Oliver stoppte sie, indem er seine Hand auf ihre Schultern legte und sie so drehte, dass sie ihn ansah, er sah ihr in die Augen und konnte die Angst darin erkennen.
'Hör zu, Ari, ich verstehe, dass du Angst hast, aber du musst dir keine Sorgen machen. Alles wird gut, mein Opa wird dich akzeptieren, und selbst wenn nicht, bist du immer noch meine Frau, und was ich will, zählt. Bevor sein Aufenthalt hier vorbei ist, werden wir ihn zusammen überzeugen, dich zu akzeptieren. Egal was passiert, ich verspreche dir, Ari, wir werden für immer zusammen sein.'
Arianna seufzte und zwang sich zu einem Lächeln. 'Okay, ich glaube an dich', sagte sie geflüstert.
'Gut, das will ich hören', antwortete Oliver, dann legte er seine Hand unter ihr Kinn und küsste sie.
'Du suchst doch nur nach Gründen, mich die ganze Zeit zu küssen', scherzte Arianna und lachte.
'Ich brauche keinen Grund, du gehörst mir, und also kann ich dich küssen, wann immer ich will.'
'Hmm… das bezweifle ich', antwortete sie und kletterte auf das Bett. 'Du solltest zur Arbeit gehen, du hast drei Tage hintereinander gefehlt.'
'Das liegt daran, dass ich bei dir bleiben will, und Sammy kann sich im Büro um die Sachen kümmern', antwortete er.
'Oh, der arme Mann, du stresst ihn ganz schön', sagte Arianna und legte sich neben ihr Baby. Prinzessin Lena schlief schon.
'Erstens ist er nicht arm, zweitens… dafür hat er sich doch beworben. Es ist ja nicht so, dass er viel arbeitet, außer in einem kühlen Büro zu sitzen und auf einen Computer zu starren.

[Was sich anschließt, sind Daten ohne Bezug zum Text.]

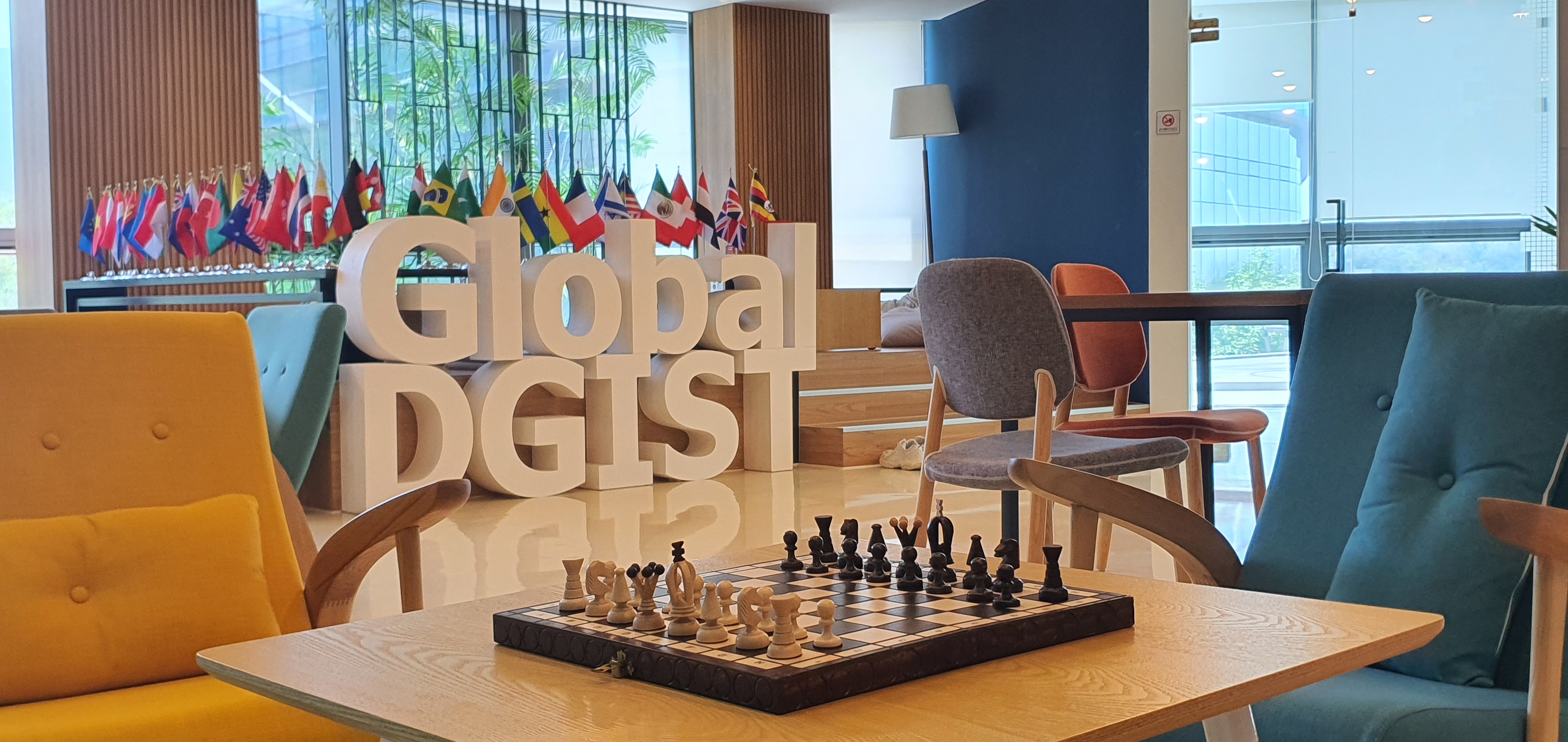 글로벌 라운지에 마련된 체스판과 서적은 국제 학생과의 교류에 사용할 수 있다. 글로벌 라운지 한가운데를 차지한 Global DGIST에는 각국의 국기가 놓여 있다. 국기 뒤에는 휴식을 위한 소파와 테이블이 있다.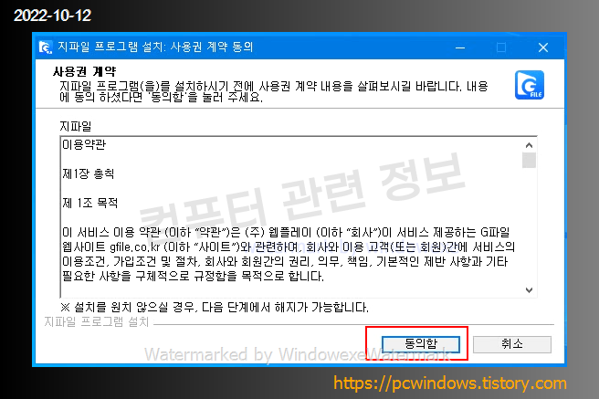 동의함 클릭.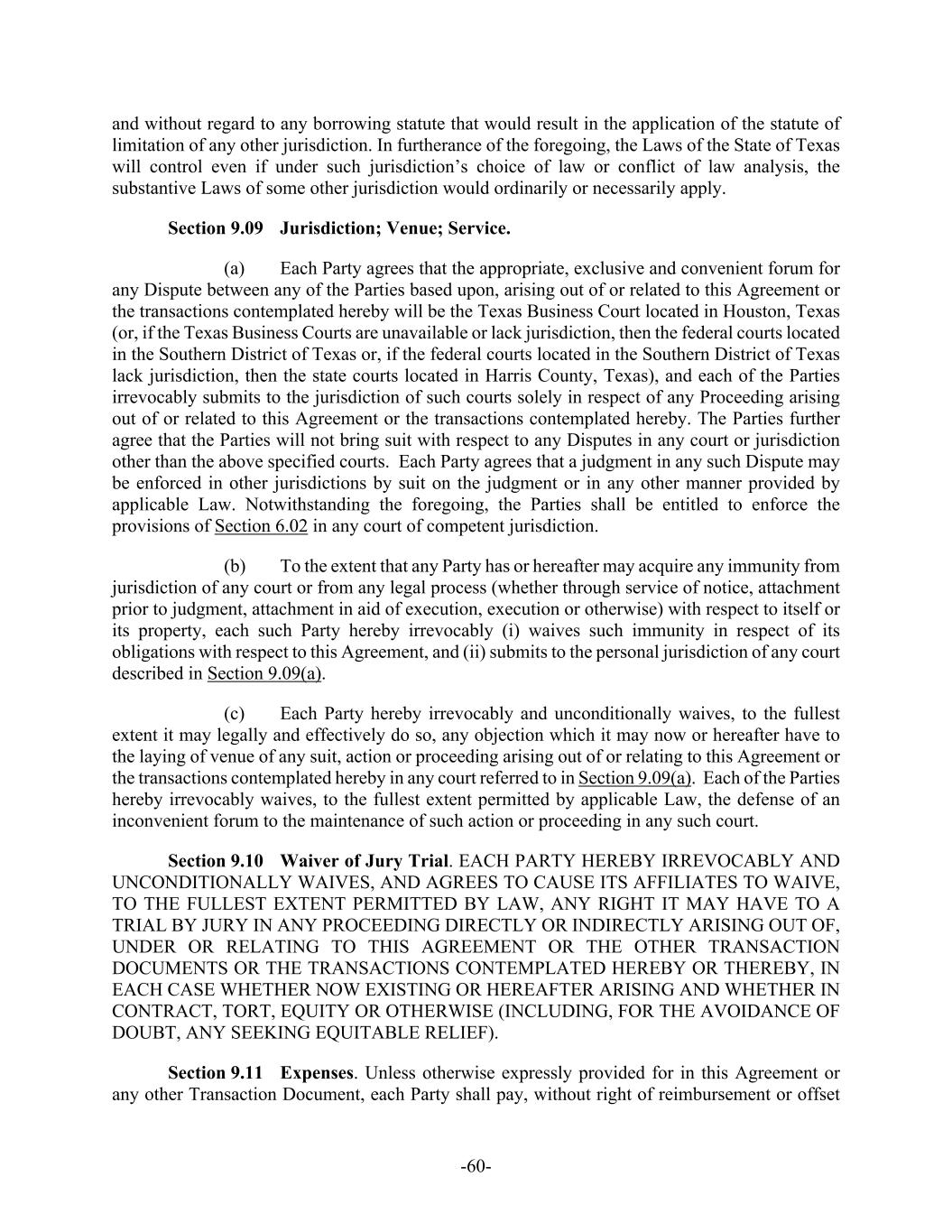 -60- and without regard to any borrowing statute that would result in the application of the statute of limitation of any other jurisdiction. In furtherance of the foregoing, the Laws of the State of Texas will control even if under such jurisdiction’s choice of law or conflict of law analysis, the substantive Laws of some other jurisdiction would ordinarily or necessarily apply. Section 9.09 Jurisdiction; Venue; Service. (a) Each Party agrees that the appropriate, exclusive and convenient forum for any Dispute between any of the Parties based upon, arising out of or related to this Agreement or the transactions contemplated hereby will be the Texas Business Court located in Houston, Texas (or, if the Texas Business Courts are unavailable or lack jurisdiction, then the federal courts located in the Southern District of Texas or, if the federal courts located in the Southern District of Texas lack jurisdiction, then the state courts located in Harris County, Texas), and each of the Parties irrevocably submits to the jurisdiction of such courts solely in respect of any Proceeding arising out of or related to this Agreement or the transactions contemplated hereby. The Parties further agree that the Parties will not bring suit with respect to any Disputes in any court or jurisdiction other than the above specified courts. Each Party agrees that a judgment in any such Dispute may be enforced in other jurisdictions by suit on the judgment or in any other manner provided by applicable Law. Notwithstanding the foregoing, the Parties shall be entitled to enforce the provisions of Section 6.02 in any court of competent jurisdiction. (b) To the extent that any Party has or hereafter may acquire any immunity from jurisdiction of any court or from any legal process (whether through service of notice, attachment prior to judgment, attachment in aid of execution, execution or otherwise) with respect to itself or its property, each such Party hereby irrevocably (i) waives such immunity in respect of its obligations with respect to this Agreement, and (ii) submits to the personal jurisdiction of any court described in Section 9.09(a). (c) Each Party hereby irrevocably and unconditionally waives, to the fullest extent it may legally and effectively do so, any objection which it may now or hereafter have to the laying of venue of any suit, action or proceeding arising out of or relating to this Agreement or the transactions contemplated hereby in any court referred to in Section 9.09(a). Each of the Parties hereby irrevocably waives, to the fullest extent permitted by applicable Law, the defense of an inconvenient forum to the maintenance of such action or proceeding in any such court. Section 9.10 Waiver of Jury Trial. EACH PARTY HEREBY IRREVOCABLY AND UNCONDITIONALLY WAIVES, AND AGREES TO CAUSE ITS AFFILIATES TO WAIVE, TO THE FULLEST EXTENT PERMITTED BY LAW, ANY RIGHT IT MAY HAVE TO A TRIAL BY JURY IN ANY PROCEEDING DIRECTLY OR INDIRECTLY ARISING OUT OF, UNDER OR RELATING TO THIS AGREEMENT OR THE OTHER TRANSACTION DOCUMENTS OR THE TRANSACTIONS CONTEMPLATED HEREBY OR THEREBY, IN EACH CASE WHETHER NOW EXISTING OR HEREAFTER ARISING AND WHETHER IN CONTRACT, TORT, EQUITY OR OTHERWISE (INCLUDING, FOR THE AVOIDANCE OF DOUBT, ANY SEEKING EQUITABLE RELIEF). Section 9.11 Expenses. Unless otherwise expressly provided for in this Agreement or any other Transaction Document, each Party shall pay, without right of reimbursement or offset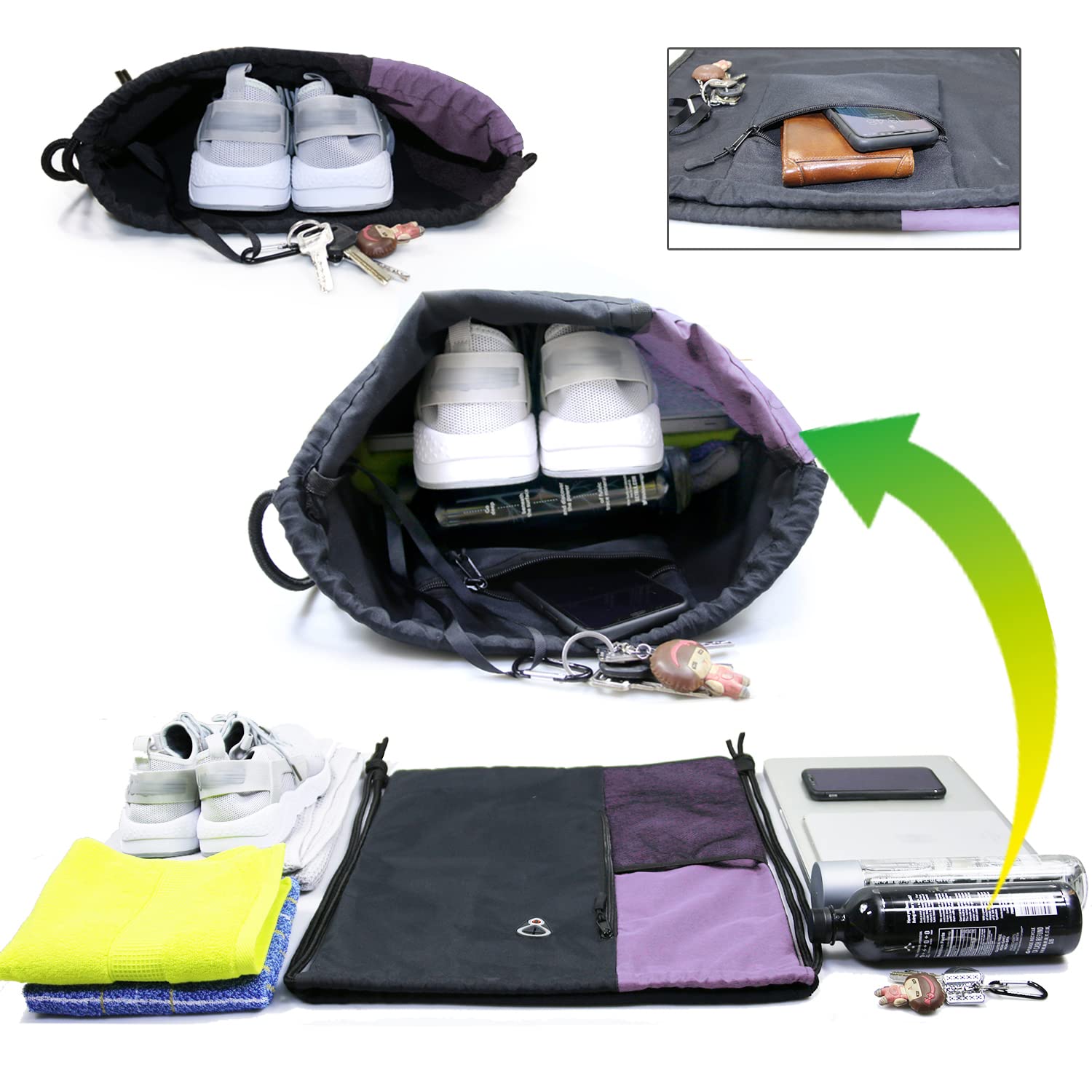 - LARGE SIZE: BeeGreen drawstring gym backpack with large compartment measures 16' x 20' which is big enough for carrying a variety of items such as sports clothing & shoes, gloves, sports towels, swim gear, daily supplies. BeeGreen drawstring sports bag is perfect for the gym, sport, yoga, dance, travel, carry-on, luggage, camping, hiking, teamwork, training, and more! This sackpack is also a fabulous gift idea for men, women.

Schließlich beschwert er sich nicht, also lass mich doch mal in Ruhe.'
Oliver kletterte auch auf die andere Seite des Bettes und legte sich hin, starrte seine wunderschöne Frau und Tochter an.

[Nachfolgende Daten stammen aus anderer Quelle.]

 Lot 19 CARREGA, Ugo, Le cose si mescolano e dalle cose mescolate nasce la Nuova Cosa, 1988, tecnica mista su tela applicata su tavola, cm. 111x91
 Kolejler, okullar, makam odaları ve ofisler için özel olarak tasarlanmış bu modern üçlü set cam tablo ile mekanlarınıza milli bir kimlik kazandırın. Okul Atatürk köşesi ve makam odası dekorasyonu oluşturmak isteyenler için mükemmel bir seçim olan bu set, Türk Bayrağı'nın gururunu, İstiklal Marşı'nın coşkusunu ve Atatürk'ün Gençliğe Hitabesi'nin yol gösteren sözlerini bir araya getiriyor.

'Na gut, was du sagst, Chef', antwortete sie sarkastisch.
'Also, erzähl mir mal was von deinem Opa, wie ist er so? Hat er Allergien? Seine Persönlichkeit?' fragte Aria.

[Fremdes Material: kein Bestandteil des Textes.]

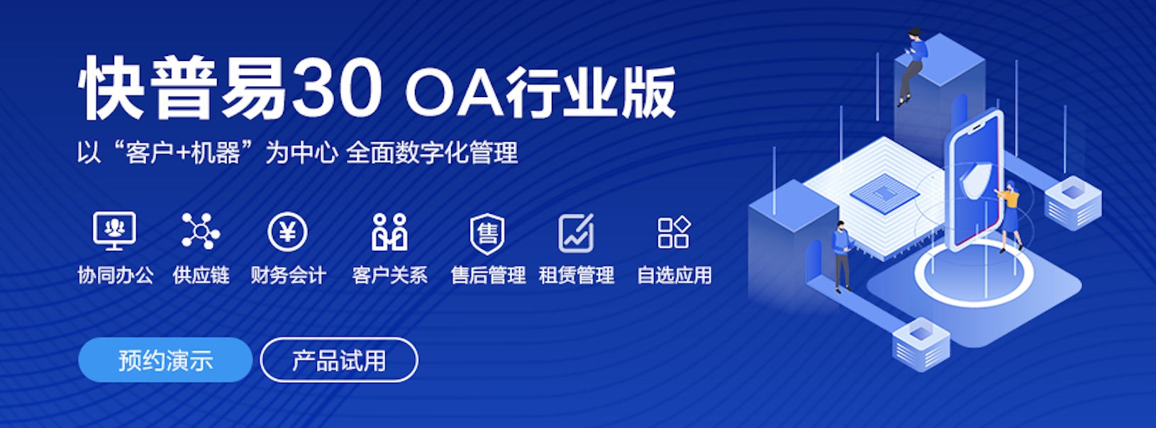 快普易30基于快普近20年在全國上萬家OA企業(yè)的實施與服務(wù)經(jīng)驗,融合了行業(yè)成功的管理智慧,以“客戶+機(jī)器”為中心提供數(shù)字化轉(zhuǎn)型解決方案,全面解決銷售、服務(wù)、租賃等多種業(yè)務(wù)模式的管理需求,以及企業(yè)經(jīng)營核算分析。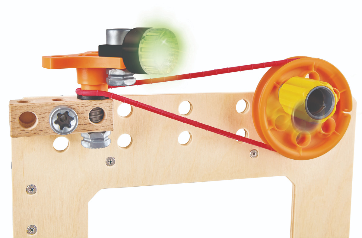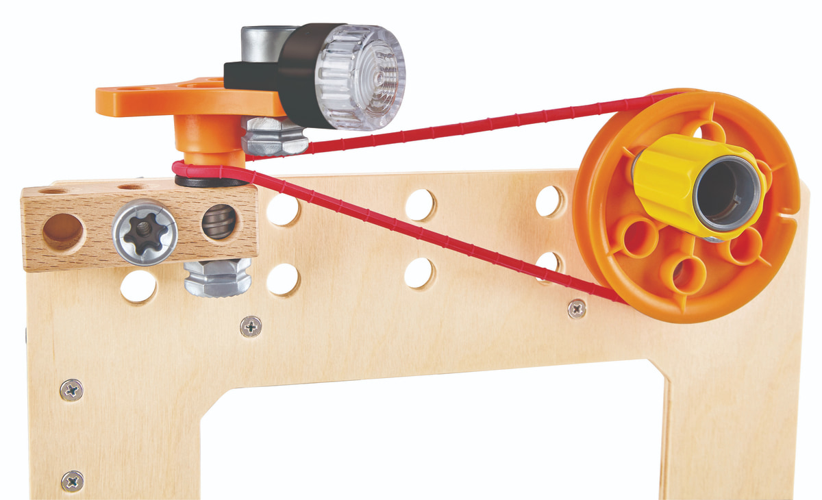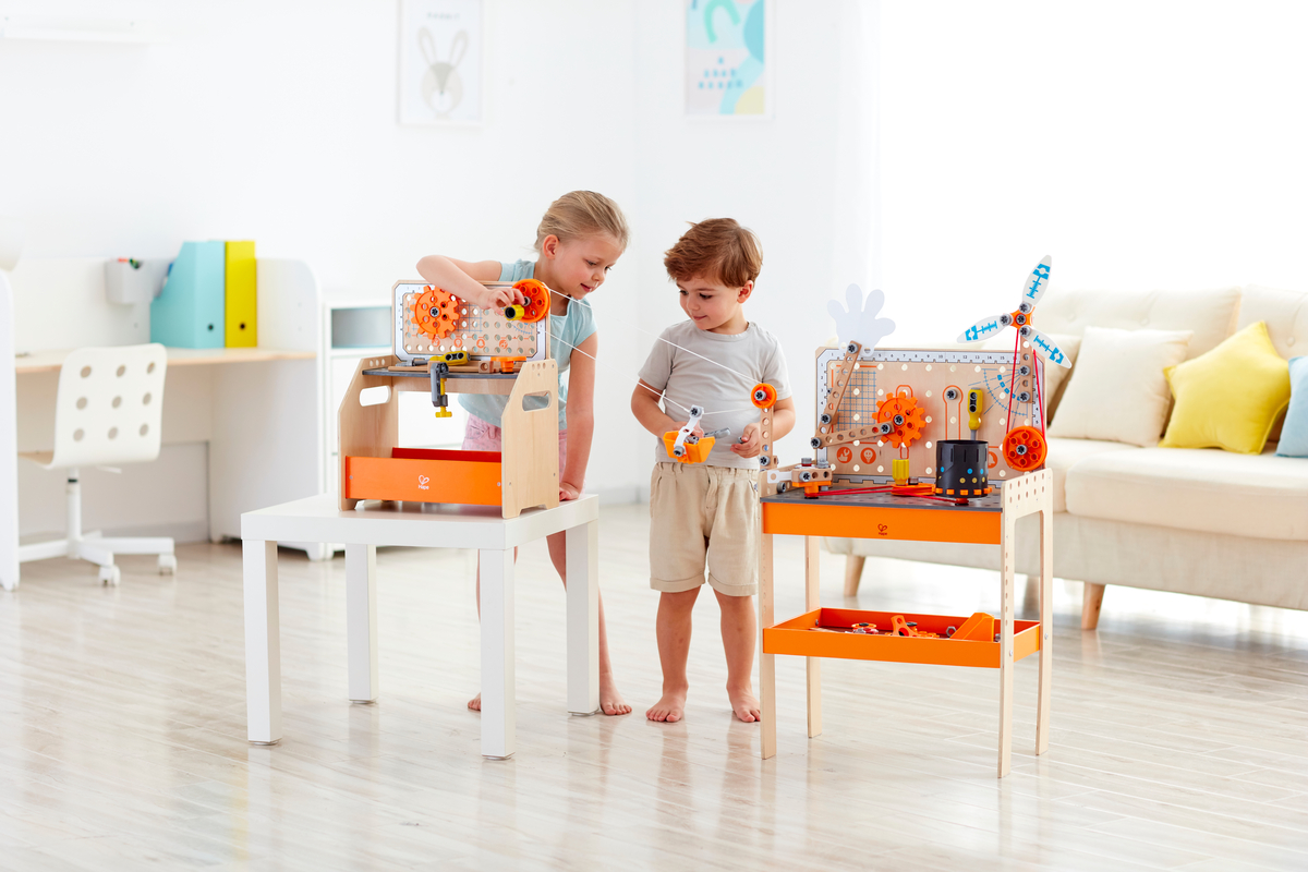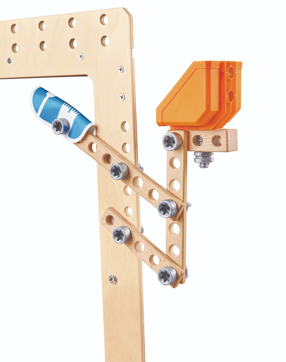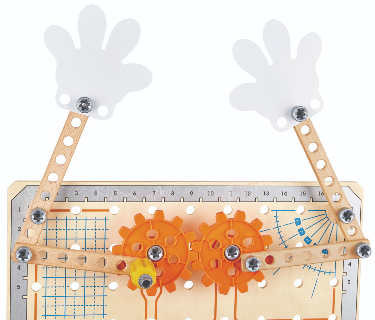 A Deluxe Tudományos Munkapad ötvözi a klasszikus szerelős játékot az alapvető tudományos kísérletezéssel. A gyerekek nemcsak csavaroznak és kalapálnak – hanem megértik az ok-okozatot, a mozgást, a mágnesességet és az egyszerű mechanikát.

'Oh, nun… Mein Opa ist ein ganz schroffer alter Mann. Er war früher in der Politik, als er jünger war, er ist jetzt neunundsiebzig, aber er hat's immer noch drauf. Er ist allergisch gegen Hunde und Gräser…'
'Gras?' fragte Aria und brach in Gelächter aus.
'Ja, ich weiß, das ist komisch, aber er kriegt Juckreiz und fühlt sich unwohl, wenn er auf den Feldern ist. Davon abgesehen ist er gegen nichts anderes allergisch. Er liebt ganz viel Essen, da sollte ich dir vielleicht mal eine Liste mit seinen Lieblingsspeisen geben, damit du weißt, was du dem Personal bestellen sollst. Obwohl die meisten ihn schon gut kennen, wissen sie, was er mag und was nicht, weil sie schon seit Jahren hier arbeiten.'
'Jahre, hattest du nie Probleme mit denen? Oder hast du welche gefeuert?'
'Oh, ich hab letztes Jahr mal einen gefeuert, der hat was Schlimmes gemacht. Aber die anderen sind cool, ich hab sie von dieser Agentur, die Personal für verschiedene Abteilungen vermittelt. Köche, Putzleute und so weiter…'
'Okay, zurück zu deinem Opa, was macht er am liebsten?' fragte Aria, sie versuchte, alles über ihren Schwiegervater herauszufinden. Wenn sie sein Vertrauen gewinnen wollte, musste sie alles über ihn wissen.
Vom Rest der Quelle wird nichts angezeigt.